Inspiration

Cities are on the front lines of climate change, but the data needed to plan effective green infrastructure is often inaccessible, fragmented, or difficult to interpret. Urban heat disproportionately affects vulnerable communities, yet many planners lack easy tools to identify where interventions like trees, green roofs, or rain gardens would have the greatest impact. We were inspired to bridge this gap by turning satellite data into something actionable, intuitive, and city-specific—so climate resilience planning can be informed by evidence rather than guesswork.

What it does

GreenCity.ai is an interactive urban climate analysis platform that identifies heat-vulnerable areas within cities. Users enter a city name, and the system automatically determines the city’s geographic extent, retrieves NASA satellite land surface temperature data, and visualizes urban heat patterns on an interactive map. The platform highlights heat hotspots and allows users to explore where green infrastructure investments could most effectively reduce heat stress. The system is designed to support future layers such as flood risk and air pollution to enable holistic green infrastructure planning.

How we built it

We built GreenCity.ai using a combination of AI, geospatial processing, and satellite remote sensing. An AI model is used to infer a city’s bounding box from a simple city name input. This bounding box is then used to query NASA Earthdata and retrieve MODIS Land Surface Temperature granules. The data is processed by mosaicking multiple satellite tiles, clipping them to the city boundary, and converting them into analysis-ready geospatial formats. We built an interactive front-end using Streamlit and Folium to render heat maps, identify hotspots, and provide a user-friendly interface for exploration.

Challenges we ran into

One of the biggest challenges was working with real satellite data pipelines under time constraints. Satellite products are tiled, large, and often stored in specialized formats, requiring careful handling of coordinate reference systems, mosaicking, and clipping. We also encountered API rate limits and service availability issues when integrating AI and data download services, which required caching, retries, and graceful fallbacks. Designing an automated pipeline that remained stable under Streamlit’s reactive execution model was another key technical challenge.

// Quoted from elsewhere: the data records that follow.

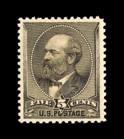 253 ogu 190 image#190, 30c Full black, an extraordinarily handsome and choice mint example, boasting lavishly large margins and being wonderfully well centered within those margins, sumptuously rich color and a strong detailed impression on fresh bright paper, full o.g., lightly hinged, extremely fine and rarely found in this highly select condition; 2000 PF certificate for a pair, this being the right stamp, and accompanied by 2001 and 2005 PSE certificates (latter grading XF 90; SMQ $2,200.00). (Image) $1,100.00
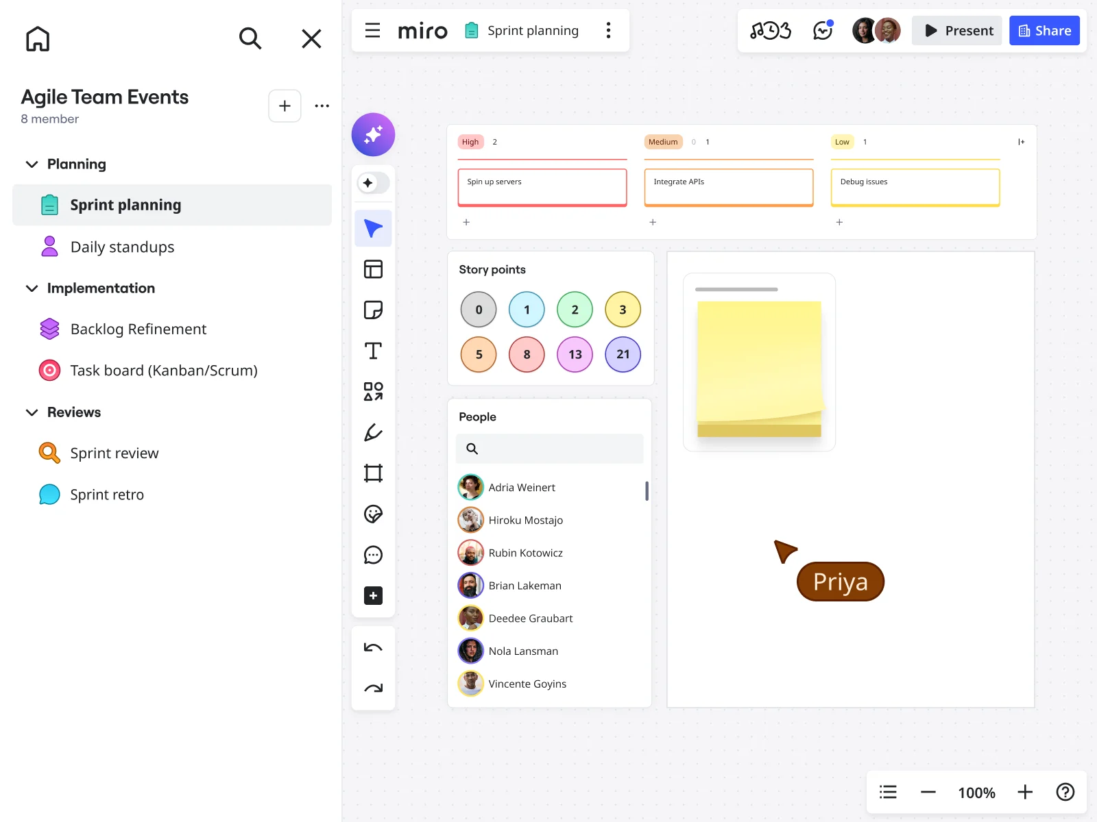 Create custom views of tasks and capacity using Miro Planner — integrated with Jira and Azure DevOps.
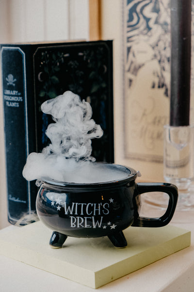 Make your morning brew even more magical with the Witches Brew Black Cauldron Ceramic Mug. Black throughout with white details and an XL handle, this mug is low and wide to replicate a witches spooky cauldron. Suitable for microwave or dishwasher use.
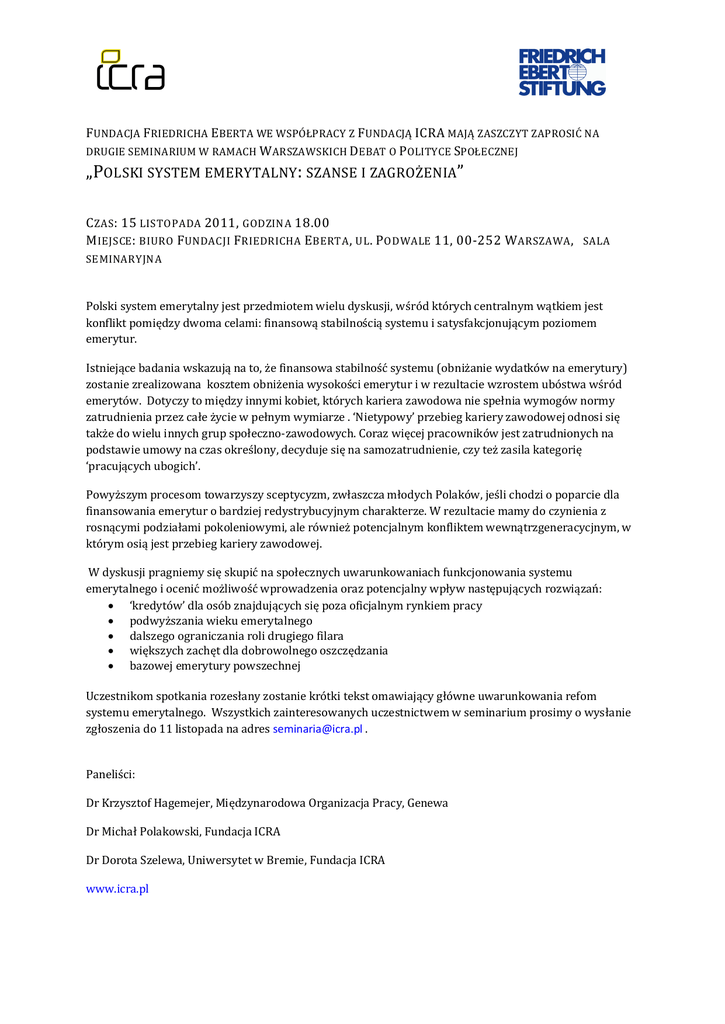 FUNDACJA FRIEDRICHA EBERTA WE WSPÓ PRACY Z FUNDACJ ICRA MAJ ZASZCZYT ZAPROSI NA DRUGIE SEMINARIUM W RAMACH WARSZAWSKICH DEBAT O POLITYCE SPO ECZNEJ „POLSKI SYSTEM EMERYTALNY: SZANSE I ZAGRO ENIA” C ZAS : 15 LISTOPADA 2011, GODZINA 18.00 M IEJSCE : BIURO FUNDACJI FRIEDRICHA E BERTA , UL . P ODWALE 11, 00-252 W ARSZAWA , SALA SEMINARYJNA Polski system emerytalny jest przedmiotem wielu dyskusji, w ród których centralnym w tkiem jest konflikt pomi dzy dwoma celami: finansow stabilno ci systemu i satysfakcjonuj cym poziomem emerytur. Istniej ce badania wskazuj na to, e finansowa stabilno systemu (obni anie wydatków na emerytury) zostanie zrealizowana kosztem obni enia wysoko ci emerytur i w rezultacie wzrostem ubóstwa w ród emerytów. Dotyczy to mi dzy innymi kobiet, których kariera zawodowa nie spe nia wymogów normy zatrudnienia przez ca e ycie w pe nym wymiarze . ‘Nietypowy’ przebieg kariery zawodowej odnosi si tak e do wielu innych grup spo eczno-zawodowych. Coraz wi cej pracowników jest zatrudnionych na podstawie umowy na czas okre lony, decyduje si na samozatrudnienie, czy te zasila kategori ‘pracuj cych ubogich’. Powy szym procesom towarzyszy sceptycyzm, zw aszcza m odych Polaków, je li chodzi o poparcie dla finansowania emerytur o bardziej redystrybucyjnym charakterze. W rezultacie mamy do czynienia z rosn cymi podzia ami pokoleniowymi, ale równie potencjalnym konfliktem wewn trzgeneracycjnym, w którym osi jest przebieg kariery zawodowej. W dyskusji pragniemy si skupi na spo ecznych uwarunkowaniach funkcjonowania systemu emerytalnego i oceni mo liwo wprowadzenia oraz potencjalny wp yw nast puj cych rozwi za : ‘kredytów’ dla osób znajduj cych si poza oficjalnym rynkiem pracy podwy szania wieku emerytalnego dalszego ograniczania roli drugiego filara wi kszych zach t dla dobrowolnego oszcz dzania bazowej emerytury powszechnej Uczestnikom spotkania rozes any zostanie krótki tekst omawiaj cy g ówne uwarunkowania refom systemu emerytalnego. Wszystkich zainteresowanych uczestnictwem w seminarium prosimy o wys anie zg oszenia do 11 listopada na adres [email protected] . Paneli ci: Dr Krzysztof Hagemejer, Mi dzynarodowa Organizacja Pracy, Genewa Dr Micha Polakowski, Fundacja ICRA Dr Dorota Szelewa, Uniwersytet w Bremie, Fundacja ICRA www.icra.pl
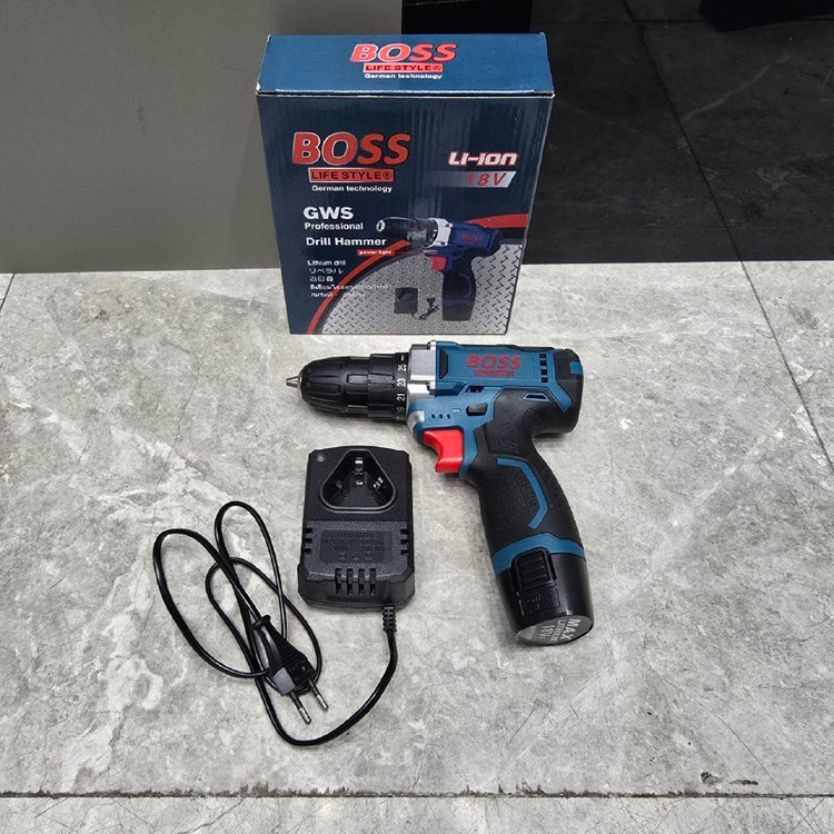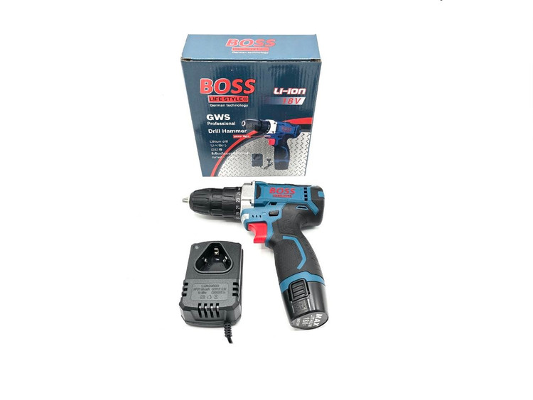 پایه شارژر فست. یک عدد باتری ۱۸ولت. گیربکس دو دور. قابلیت کنترل سرعت فشاری. چراغ قوه بزرگ روی بدنه دستگاه جهت محیط های کم نور. موتور تمام مس. به همراه شارژر پایه دار: ۱۸ولت
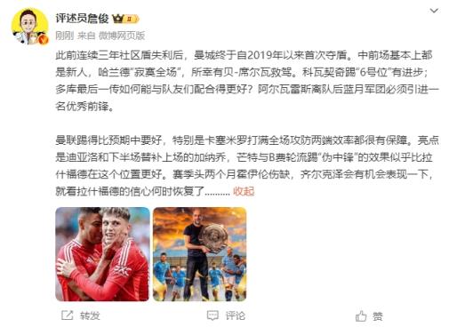 08月11日讯 社区盾对决,曼城点球大战击败曼联夺冠。赛后,詹俊发文点评。

Accomplishments that we're proud of

We’re proud of building a fully automated, end-to-end pipeline that goes from a city name to a scientifically grounded heat map using real NASA satellite data. The platform integrates AI-driven geospatial reasoning, remote sensing data retrieval, and interactive visualization in a way that is both technically robust and easy to use. Most importantly, the system is extensible and designed with real-world urban planning applications in mind, not just a static demo.

What we learned

Through this project, we gained hands-on experience working with Earth observation data, geospatial transformations, and large-scale data pipelines. We learned how to design resilient systems that handle unreliable external services and how to manage state and caching in reactive web applications. The project also reinforced the importance of clear abstractions when combining AI, scientific data, and user interfaces into a single coherent system.

What's next for GreenCity.ai

Next, we plan to expand GreenCity.ai beyond heat analysis by incorporating flood risk, air quality, and land-cover data to provide multi-criteria recommendations for green infrastructure placement. We also aim to add neighborhood-level summaries, equity-focused metrics, and policy-friendly reports that planners can directly use in decision-making. Ultimately, we envision GreenCity.ai as a scalable decision-support tool that helps cities design more resilient, equitable, and climate-adaptive urban environments.